— DATASET EXCERPT —

◆ ◆ ◆ ◆

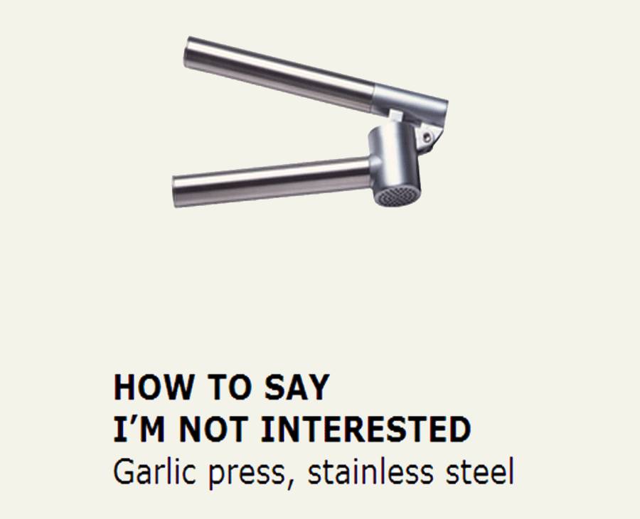 事实上,生活中我们总会遇到这样的困扰,明明对很多事物或者人并不感兴趣,却又只好闷在心里。那么这件压蒜器正好可以帮到你:啊,不好意思我中午吃了大蒜……(捂嘴)
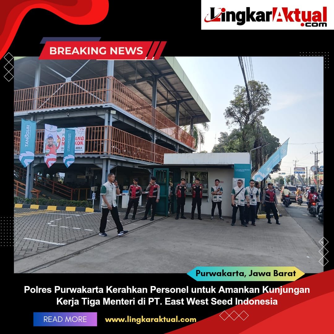 PURWAKARTA, Jawa Barat || LINGKARAKTUAL.COM || Polres Purwakarta lakukan Pengamanan kunjungan kerja Menteri PPN/Kepala Bappenas, Menteri Pertanian, serta Menteri Investasi & Hilirisasi/Kepala BKPM ke PT. East West Seed Indonesia di Desa Benteng, Campaka, Purwakarta, pada Rabu, 14 Mei 2025.
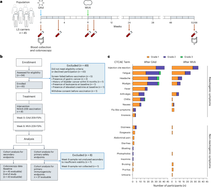The trial was a phase 1b/2 single-arm, open-label, multicenter, prospective study originally designed with the coprimary endpoints of safety and immunogenicity following initial vaccination with Nous-209 monotherapy. To achieve a goal of at least 36 individuals evaluable for the primary immunogenicity endpoint, up to 45 participants were enrolled between November 2022 and November 2023 at four institutions (The University of Texas MD Anderson Cancer Center (MDACC), The University of Puerto Rico, Fox Chase Cancer Center and City of Hope) within the National Cancer Institute (NCI) iCAN PREVENT clinical trial consortium. At baseline, all participants underwent standard-of-care screening lower endoscopy (flexible sigmoidoscopy or colonoscopy). Confirmed eligible participants received initial Nous-209 vaccination as a single 1-ml IM injection of GAd20-209-FSPs (nominal concentration of 2 × 1011 viral particles per ml) at week 0 (prime), followed by a single 1-ml IM injection of MVA-209-FSPs (nominal concentration of 2 × 108 infectious units per ml) at week 8 (boost).
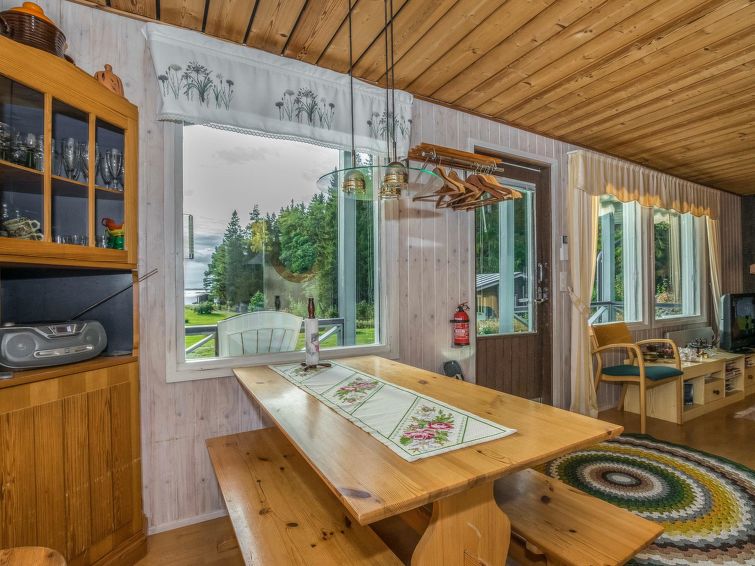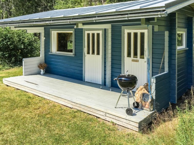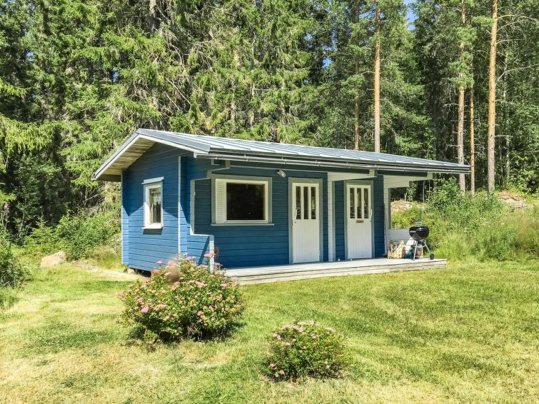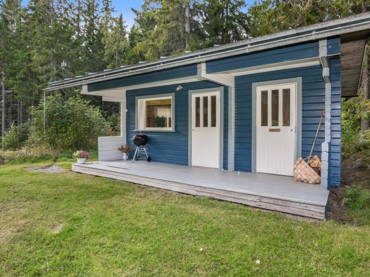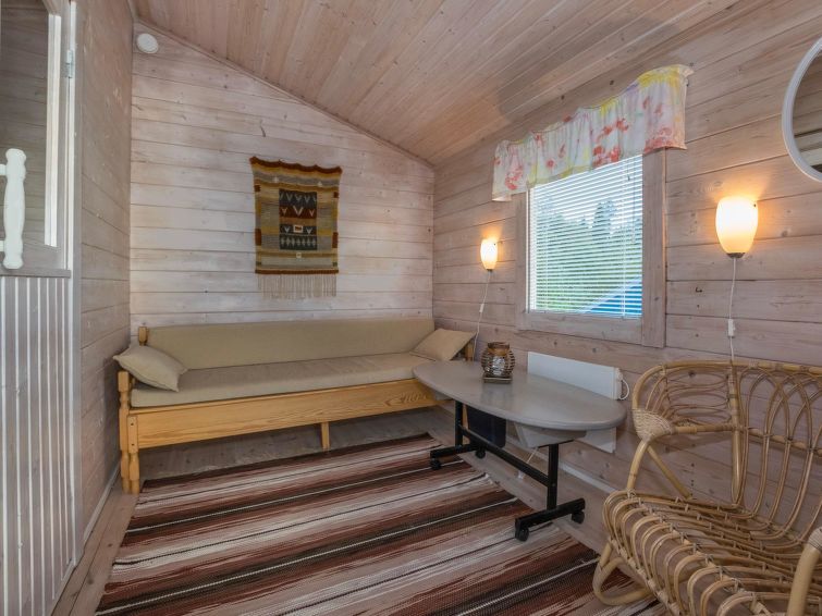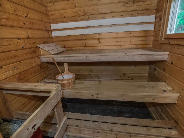Wooden building 1987, renovated 2016, living room/kitchen, bedroom bunk, bedroom double bed, washroom with WC and shower and open porch. Separate guest house/sauna building 32 m², in living room/kitchen double bed, sauna with electric stove, washroom, dressing room and open porch. Water to the sauna must be carried from the cottage.

◆ ◆ ◆ ◆

— ASSIGNMENT —
Quote, exactly and only, the lines from the first line of the data above through the line containing "PURWAKARTA, Jawa Barat". The pictures do not belong in it.

— REPLY TO THE TASK —
 事实上,生活中我们总会遇到这样的困扰,明明对很多事物或者人并不感兴趣,却又只好闷在心里。那么这件压蒜器正好可以帮到你:啊,不好意思我中午吃了大蒜……(捂嘴)
 PURWAKARTA, Jawa Barat || LINGKARAKTUAL.COM || Polres Purwakarta lakukan Pengamanan kunjungan kerja Menteri PPN/Kepala Bappenas, Menteri Pertanian, serta Menteri Investasi & Hilirisasi/Kepala BKPM ke PT. East West Seed Indonesia di Desa Benteng, Campaka, Purwakarta, pada Rabu, 14 Mei 2025.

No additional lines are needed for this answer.